__DIRECTIONS__. Everything from the line holding "Komen daripada Facebook" through the final line of the entries below is to be written out exactly, and nothing more; leave out pictures.

__GIVEN ENTRIES__.
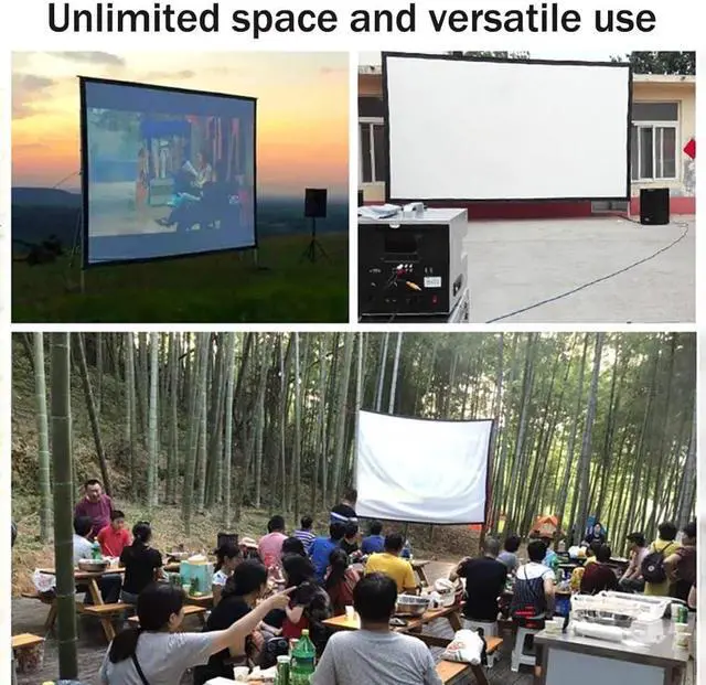 Thick Material: The projection screen is made of soft and thick polyester fabric, which provides a clear picture and avoids light reflection, bringing you and your family a high-definition visual experience.
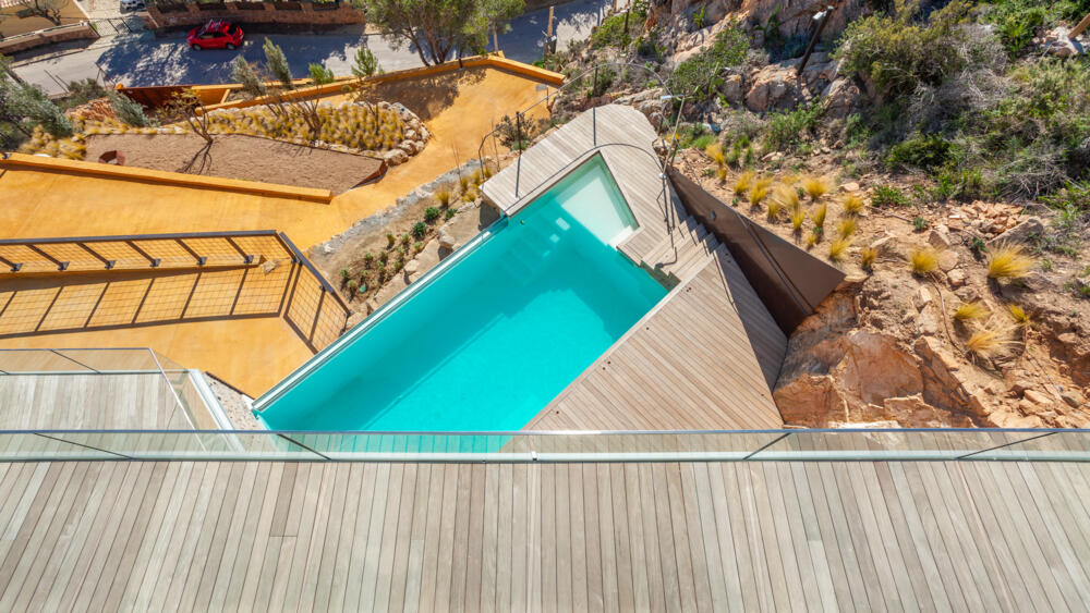 Het is de ideale woning om tot rust te komen, gezien de zeer rustige ligging en het fantastische uitzicht. De woning beschikt over een privétuin met privézwembad van 8×4 meter en prachtig uitzicht op zee. Het huis met zijn stijlvolle grote ramen laat het natuurlijke licht de hele dag door naar binnen filteren, waardoor een lichte, luchtige ruimte ontstaat.
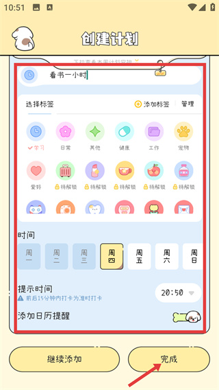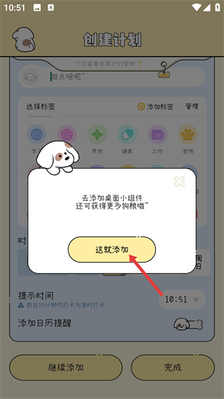 2、在創(chuàng)建計劃頁面填寫內(nèi)容、選好標(biāo)簽與時間后,點(diǎn)擊“完成”按鈕,觸發(fā)添加桌面小組件的提示彈窗。
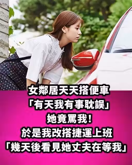 女鄰居天天搭便車「有天我有事耽誤」她竟罵我!於是我改搭捷運上班「幾天後看見她丈夫在等我!」
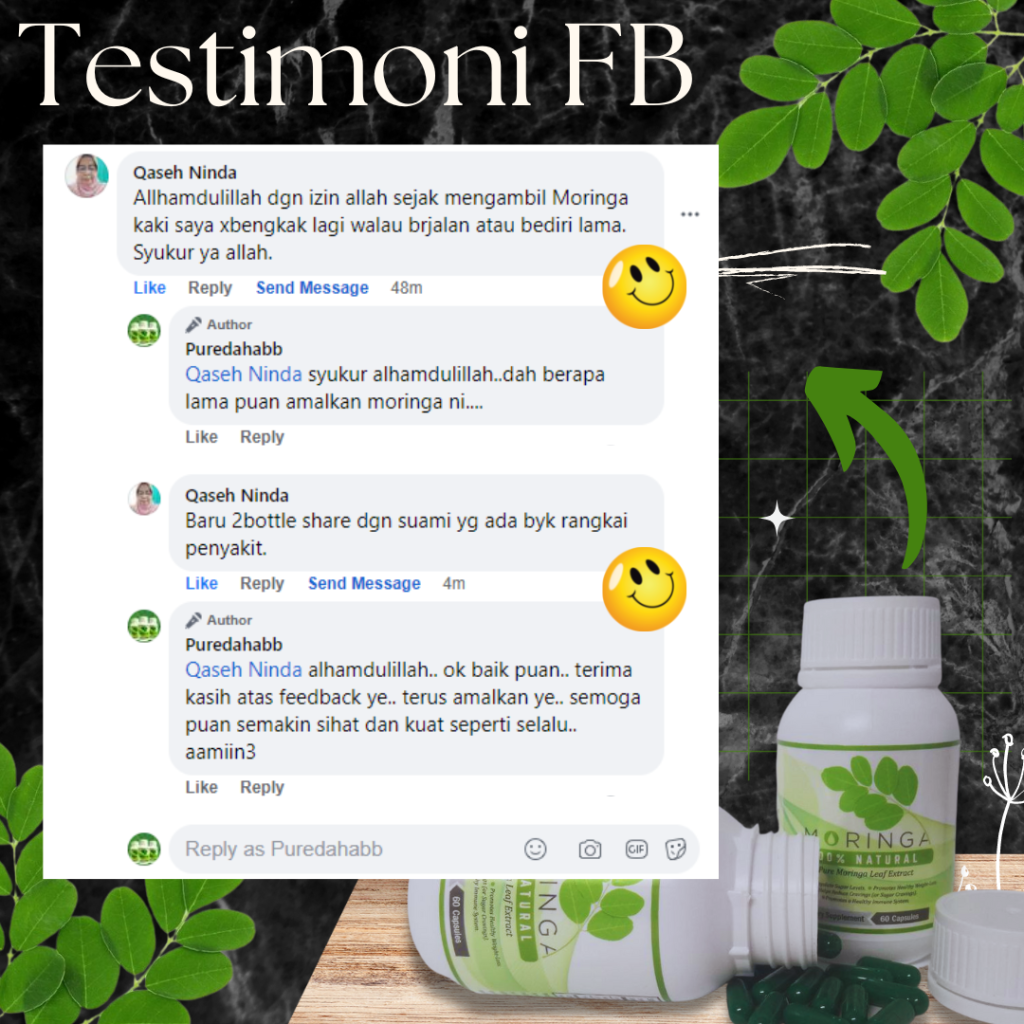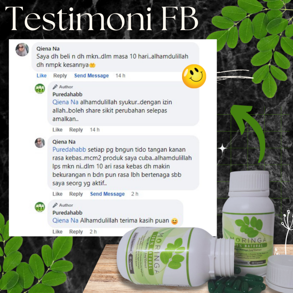 Komen daripada Facebook pelanggan Mengamalkan MORINGA NATURAL
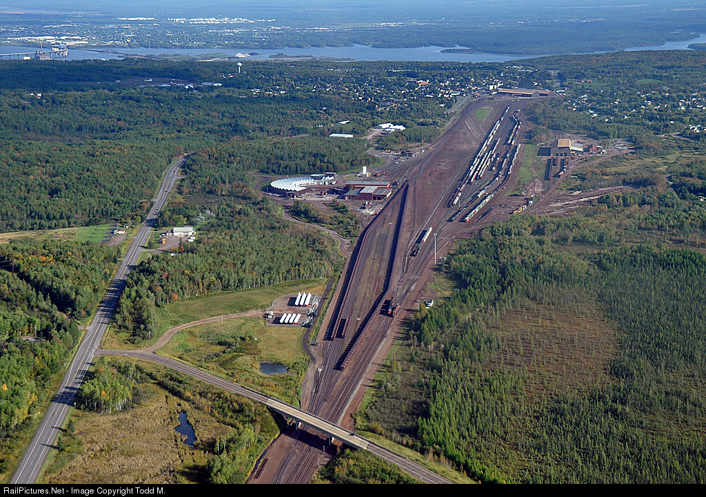 What was once strictly an ore staging yard for the mines of northern Minnesota has now become a freight sorting yard as well as can be seen on the middle right. DMIR 215 prepares to begin it's afternoon switching duties of freight cars towards the north end of the yard. The City of Proctor lies at the top or southern end of the yard. The Richard Bong bridge linking Duluth, MN and Superior Wisconsin is located in the upper left. That's Wisconsin across the St. Louis river. |

__EXERCISE RESPONSE__.
 Komen daripada Facebook pelanggan Mengamalkan MORINGA NATURAL
 What was once strictly an ore staging yard for the mines of northern Minnesota has now become a freight sorting yard as well as can be seen on the middle right. DMIR 215 prepares to begin it's afternoon switching duties of freight cars towards the north end of the yard. The City of Proctor lies at the top or southern end of the yard. The Richard Bong bridge linking Duluth, MN and Superior Wisconsin is located in the upper left. That's Wisconsin across the St. Louis river. |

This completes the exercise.